• [TASK BRIEF]
Reproduce every record below word for word and include no pictures.

##### RECORDS PROVIDED #####

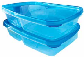
Brandello plastic cont.Rc w/divis.2pk/48 Item No. BR-4322
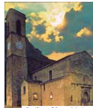
Basilica of Santa Maria di Bagno di Romagna
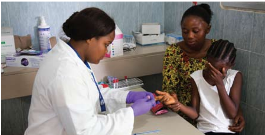
CRS helped St. Joseph's Catholic Hospital in Monrovia to reopen and provide laboratory services to screen patients for infectious diseases, including Ebola.

CRS' critical programming continues to focus on training in infection prevention and control, quality assurance monitoring, trauma and grief counseling, psychosocial support, food security and care of orphans. CRS will continue to play a major role in recovery. Watch a short video on YouTube about CRS' Ebola response: Responding to the Ebola Outbreak in West Africa .
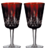
Lismore Ruby Goblet Pair 7129 034
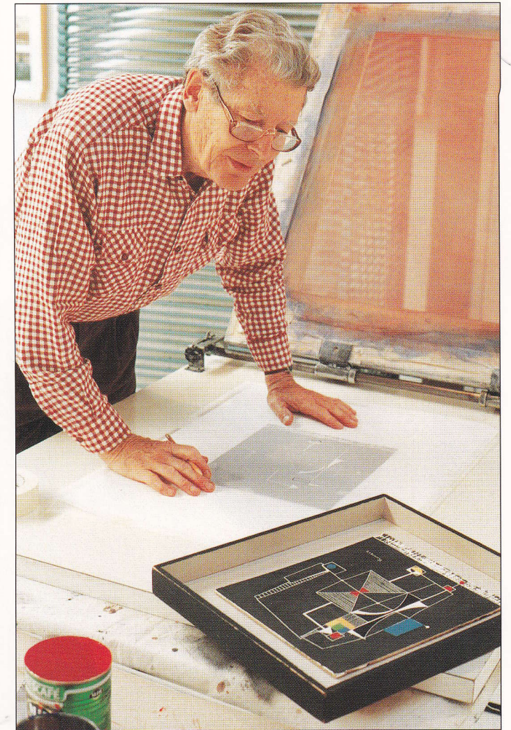
Gordon Smith carefully prepares a stencil for the Atomic Fountain print.
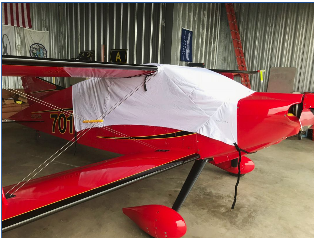
Sorrell Hiperbiplane Canopy Cover (test fit cover)
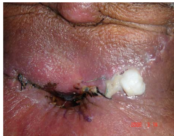
Figure 1. PCF in the left side of ostoma.

In our series, the presence of a systemic disease, history of previous radiotherapy, and a positive surgical margin were significantly associated with fistula formation. Conversely, there were no statistically significant differences between the
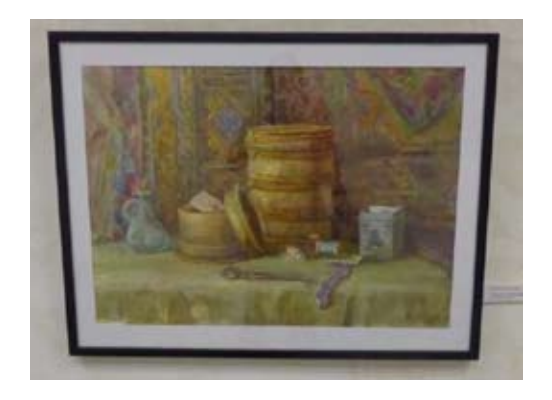
Fig. 18. Nikolaeva N.V. Needlework Accessory Boxes of Birch Bark. 2013.
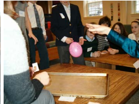
so there is no residue,
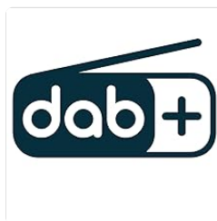
Figure 2.3: The DAB+ logo, representing Digital Audio Broadcasting Plus technology.

Enjoy digital and analog terrestrial radio broadcasts.
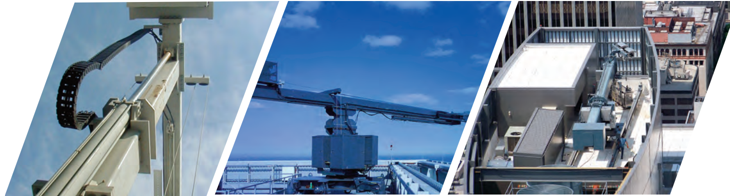
Telescoping Mast Material Hoist at Boom Tip Parked Position
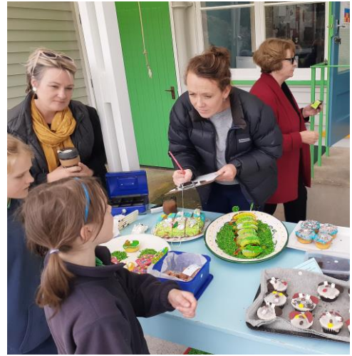
The PTA sales table was very busy
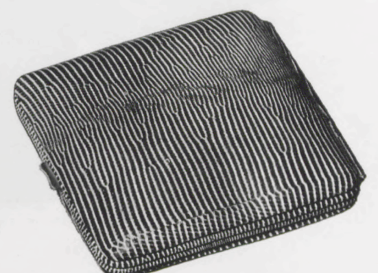
10 x 10 cm = 4 x 4 inches

101/116 RZ Eidechse — Lizard-skin Lézard — Lagarto
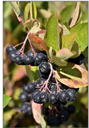
Viking Chokeberry fruit

This shrub should only be grown in full sunlight. It is an amazingly adaptable plant, tolerating both dry conditions and even some standing water. It is not particular as to soil type or pH, and is able to handle environmental salt. It is somewhat tolerant of urban pollution. This particular variety is an interspecific hybrid.
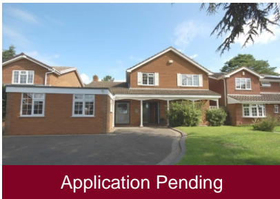
18 Saxon Court, Tettenhall
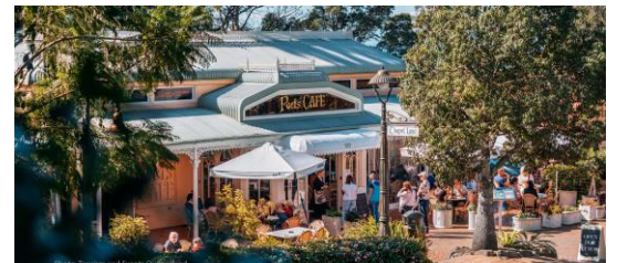
Montville rest stop – Day 5
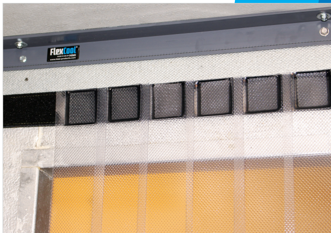
Installed FlexCool ® Curtain
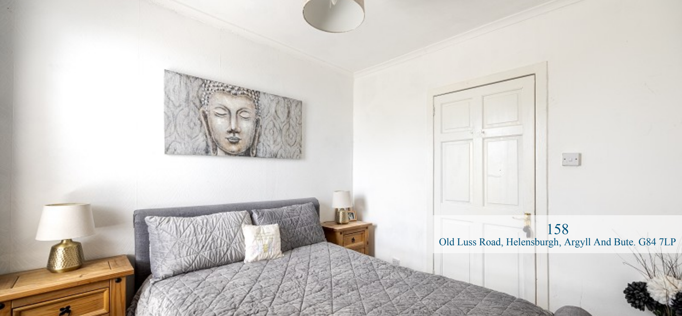
158 Old Luss Road, Helensburgh, Argyll And Bute. G84 7LP
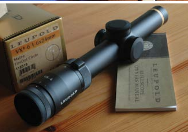
A fine lightweight optic easy to mount low, Leupold's 30mm 1-6x has all the power you should need!
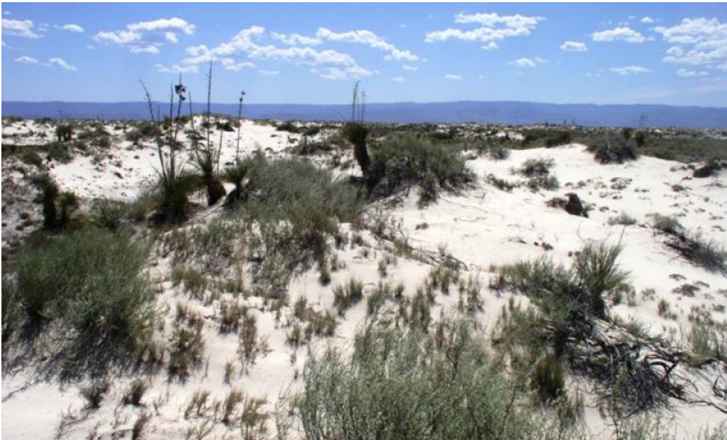
Figure 4. Shrub/mixed grass community 1.1

This is the more common community type within the vegetated dune system. Shrubs are dominant and are scattered amid the dunes usually occupying the summits of the dune. Frosted mint is typically the dominant species. Other shrubs can include skunkbush sumac, soap tree yucca, ephedra, fourwing saltbush, broom dalea, and rubber rabbitbrush. Grasses are usually the subordinate component scattered between shrubs. Sandhill muhly or gyp grama is the dominant grass species. Sandhill muhly seems to be more prevalent on the more active dunes and on dunes with coarser textured surface sands. Gypsum grama usually dominates on smaller dunes and is most prolific near the interface between the dune and the interdune. Other grasses can include Indian ricegrass, New Mexico bluestem, and mesa dropseed. In some areas rubber rabbitbrush may be the dominant shrub with sparse amounts of alkali sacaton present.
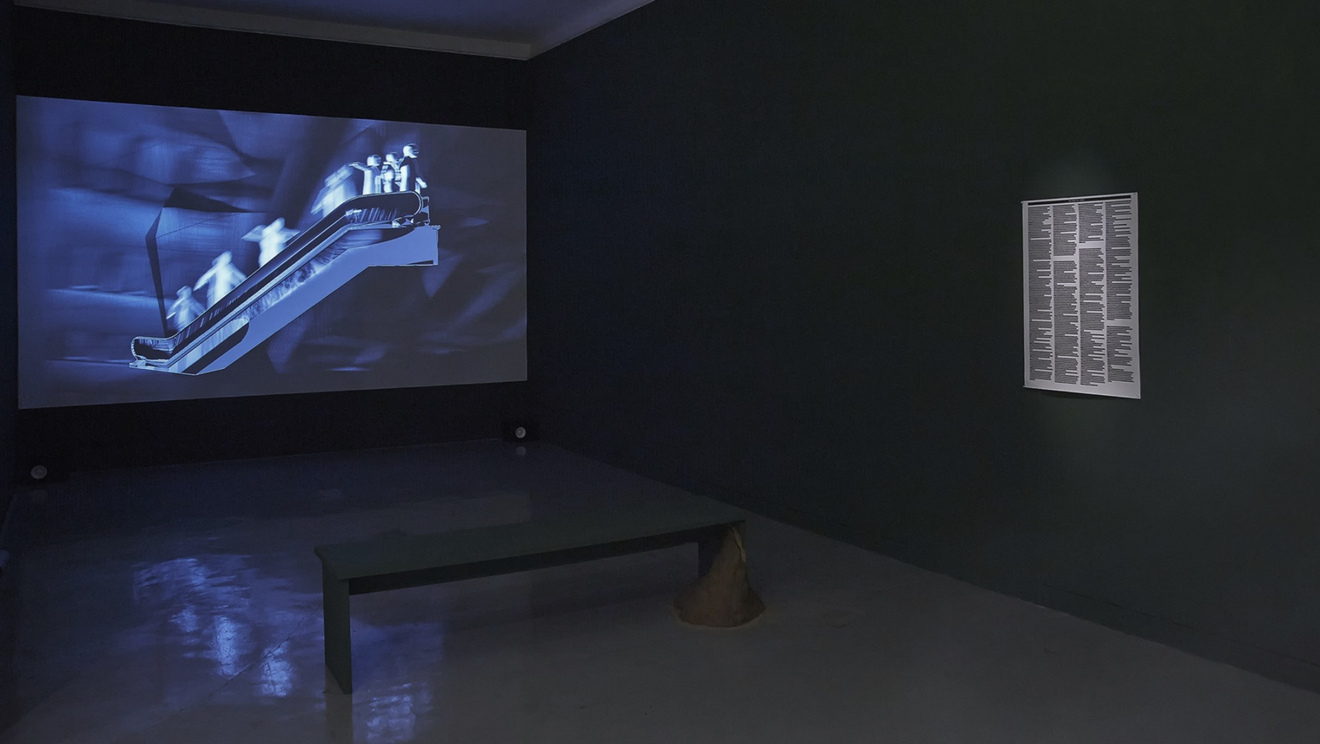
<The Sleepless> group exhibition view 'Where We Met Genius' and the wall text written by a novelist, Hae Yisoo_ 2015
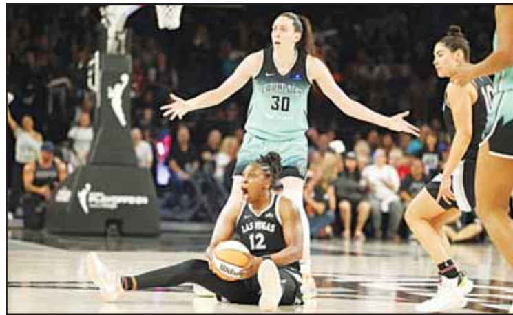
Las Vegas Aces guard Chelsea Gray (12) reacts to a call near New York Liberty forward Breanna Stewart (30) during a WNBA basketball semifinal game in Las Vegas.

Brianna Jones, who had just eight points combined in the first two games, led Connecticut with 21.
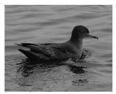
This photograph of a Sooty Shearwater was taken off the Kona coast of the Big Island of Hawaii 24 April 2008.
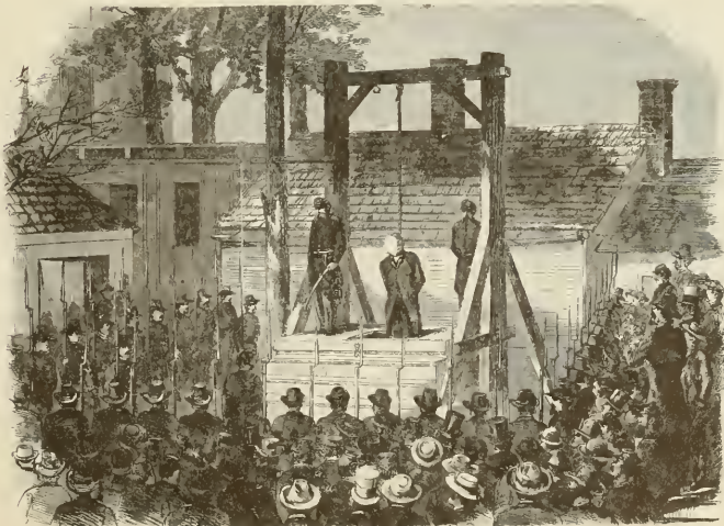
ELECTION OF CHAMP FERGUSON, THE GUERRILLA, AT NASHVILLE, TENNESSEE, OCTOBER 30, 1865.
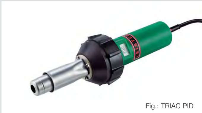
Fig.: TRIAC PID

Thanks to micro-processor controlled temperature and electronic monitoring. The preferred hand tool for welding with high quality.
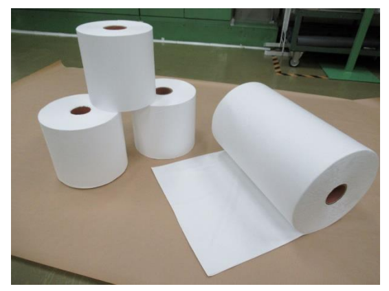
SYNTEX<sup>™</sup> nano roll

Mitsui Chemicals plans to further bolster and grow its nonwovens business going forward, with the newly announced facility expansion coming as one such move.
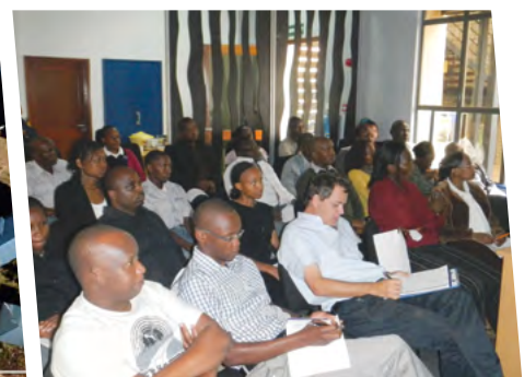
Consultancy & Training
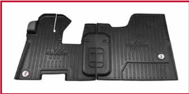
Figure 10 - Floor Mat Kit 105039
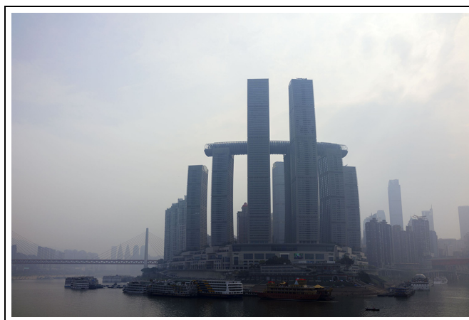
Figure 3. Raffles City development at Chaotianmen Docks.

The sites of connection and compression described above emerged out of urban restructuring in response to the topography of the city and the political economy of post-socialist transition. Conversely, the recent Raffles City development (Figure 3) represents an example more typical of
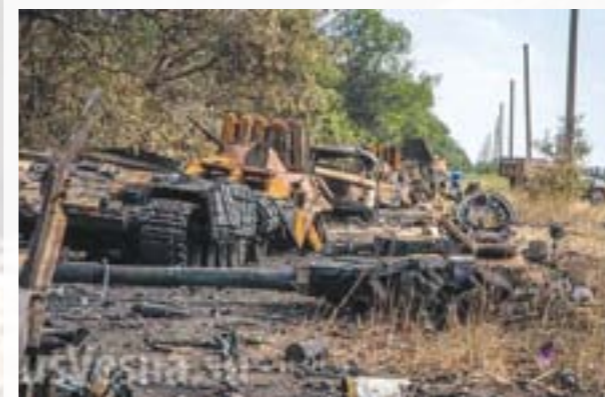
After the battles on 03.09.14 near Pobeda village

camp of the 27th rocket artillery regime was shelled by RSVF “Smerch” from the territory of the Russian Federation. 15 soldiers were killed as a result of the shelling, one soldier died in hospital of the burns, one more soldier disappeared.
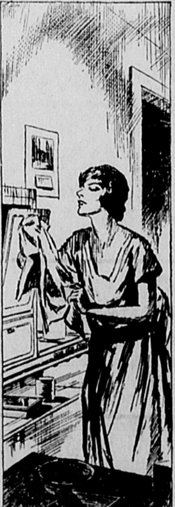
Just then . . . the telephone rang!

A wisely placed "extension" is an expert telephone often double the size of the telephone.
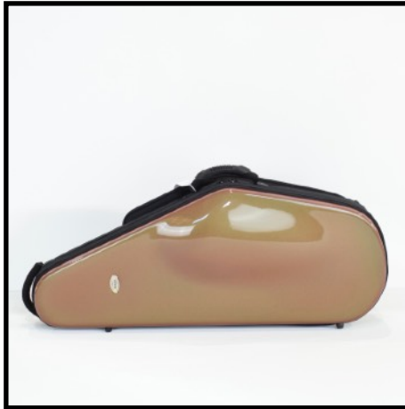
TABACO - TOBACCO TABAC - TABAK
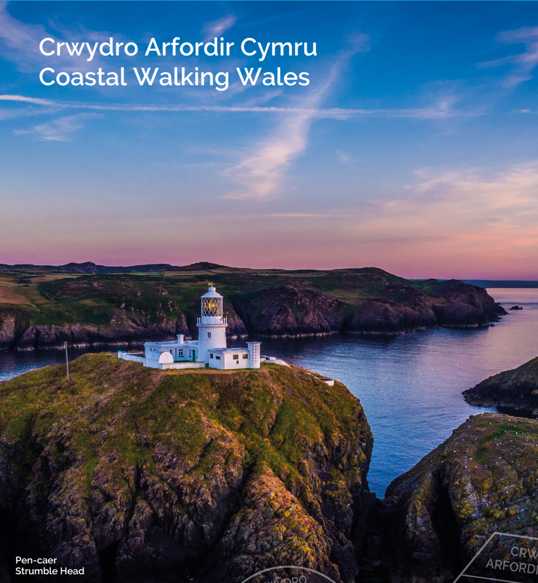
Pen-caer Strumble Head
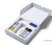
(STARTERKIT) STARTERKIT STARTPACKUNG
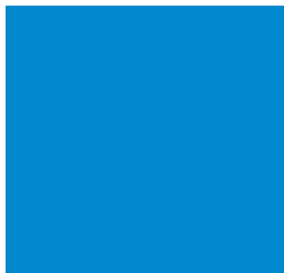
Pantone 3005 C
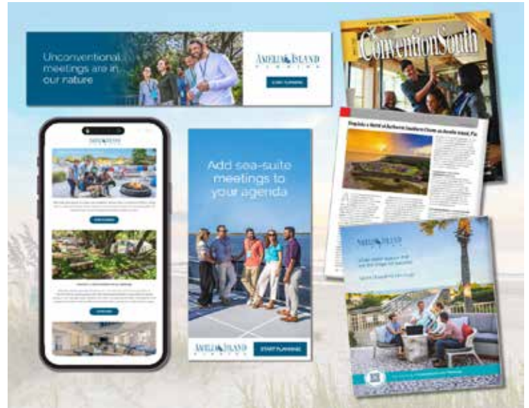
Amelia Island's Island Inspired Meetings campaign assets

The Amelia Island CVB aimed to redefine the meeting experience with the Island Inspired Meetings campaign that ran Jan. 2024–Mar. 2025, blending wellness, sustainability, and immersive storytelling to meet planners' evolving needs. With nearly 9.4 million impressions, 238 RFPs, and record-breaking engagement, Amelia Island was perfectly positioned as the go-to destination for meaningful, high-impact events. AmeliaIsland.com

#####

• [WRITTEN RESPONSE]
Brandello plastic cont.Rc w/divis.2pk/48 Item No. BR-4322
Basilica of Santa Maria di Bagno di Romagna
CRS helped St. Joseph's Catholic Hospital in Monrovia to reopen and provide laboratory services to screen patients for infectious diseases, including Ebola.

CRS' critical programming continues to focus on training in infection prevention and control, quality assurance monitoring, trauma and grief counseling, psychosocial support, food security and care of orphans. CRS will continue to play a major role in recovery. Watch a short video on YouTube about CRS' Ebola response: Responding to the Ebola Outbreak in West Africa .
Lismore Ruby Goblet Pair 7129 034
Gordon Smith carefully prepares a stencil for the Atomic Fountain print.
Sorrell Hiperbiplane Canopy Cover (test fit cover)
Figure 1. PCF in the left side of ostoma.

In our series, the presence of a systemic disease, history of previous radiotherapy, and a positive surgical margin were significantly associated with fistula formation. Conversely, there were no statistically significant differences between the
Fig. 18. Nikolaeva N.V. Needlework Accessory Boxes of Birch Bark. 2013.
so there is no residue,
Figure 2.3: The DAB+ logo, representing Digital Audio Broadcasting Plus technology.

Enjoy digital and analog terrestrial radio broadcasts.
Telescoping Mast Material Hoist at Boom Tip Parked Position
The PTA sales table was very busy
10 x 10 cm = 4 x 4 inches

101/116 RZ Eidechse — Lizard-skin Lézard — Lagarto
Viking Chokeberry fruit

This shrub should only be grown in full sunlight. It is an amazingly adaptable plant, tolerating both dry conditions and even some standing water. It is not particular as to soil type or pH, and is able to handle environmental salt. It is somewhat tolerant of urban pollution. This particular variety is an interspecific hybrid.
18 Saxon Court, Tettenhall
Montville rest stop – Day 5
Installed FlexCool ® Curtain
158 Old Luss Road, Helensburgh, Argyll And Bute. G84 7LP
A fine lightweight optic easy to mount low, Leupold's 30mm 1-6x has all the power you should need!
Figure 4. Shrub/mixed grass community 1.1

This is the more common community type within the vegetated dune system. Shrubs are dominant and are scattered amid the dunes usually occupying the summits of the dune. Frosted mint is typically the dominant species. Other shrubs can include skunkbush sumac, soap tree yucca, ephedra, fourwing saltbush, broom dalea, and rubber rabbitbrush. Grasses are usually the subordinate component scattered between shrubs. Sandhill muhly or gyp grama is the dominant grass species. Sandhill muhly seems to be more prevalent on the more active dunes and on dunes with coarser textured surface sands. Gypsum grama usually dominates on smaller dunes and is most prolific near the interface between the dune and the interdune. Other grasses can include Indian ricegrass, New Mexico bluestem, and mesa dropseed. In some areas rubber rabbitbrush may be the dominant shrub with sparse amounts of alkali sacaton present.
<The Sleepless> group exhibition view 'Where We Met Genius' and the wall text written by a novelist, Hae Yisoo_ 2015
Las Vegas Aces guard Chelsea Gray (12) reacts to a call near New York Liberty forward Breanna Stewart (30) during a WNBA basketball semifinal game in Las Vegas.

Brianna Jones, who had just eight points combined in the first two games, led Connecticut with 21.
This photograph of a Sooty Shearwater was taken off the Kona coast of the Big Island of Hawaii 24 April 2008.
ELECTION OF CHAMP FERGUSON, THE GUERRILLA, AT NASHVILLE, TENNESSEE, OCTOBER 30, 1865.
Fig.: TRIAC PID

Thanks to micro-processor controlled temperature and electronic monitoring. The preferred hand tool for welding with high quality.
SYNTEX<sup>™</sup> nano roll

Mitsui Chemicals plans to further bolster and grow its nonwovens business going forward, with the newly announced facility expansion coming as one such move.
Consultancy & Training
Figure 10 - Floor Mat Kit 105039
Figure 3. Raffles City development at Chaotianmen Docks.

The sites of connection and compression described above emerged out of urban restructuring in response to the topography of the city and the political economy of post-socialist transition. Conversely, the recent Raffles City development (Figure 3) represents an example more typical of
After the battles on 03.09.14 near Pobeda village

camp of the 27th rocket artillery regime was shelled by RSVF “Smerch” from the territory of the Russian Federation. 15 soldiers were killed as a result of the shelling, one soldier died in hospital of the burns, one more soldier disappeared.
Just then . . . the telephone rang!

A wisely placed "extension" is an expert telephone often double the size of the telephone.
TABACO - TOBACCO TABAC - TABAK
Pen-caer Strumble Head
(STARTERKIT) STARTERKIT STARTPACKUNG
Pantone 3005 C
Amelia Island's Island Inspired Meetings campaign assets

The Amelia Island CVB aimed to redefine the meeting experience with the Island Inspired Meetings campaign that ran Jan. 2024–Mar. 2025, blending wellness, sustainability, and immersive storytelling to meet planners' evolving needs. With nearly 9.4 million impressions, 238 RFPs, and record-breaking engagement, Amelia Island was perfectly positioned as the go-to destination for meaningful, high-impact events. AmeliaIsland.com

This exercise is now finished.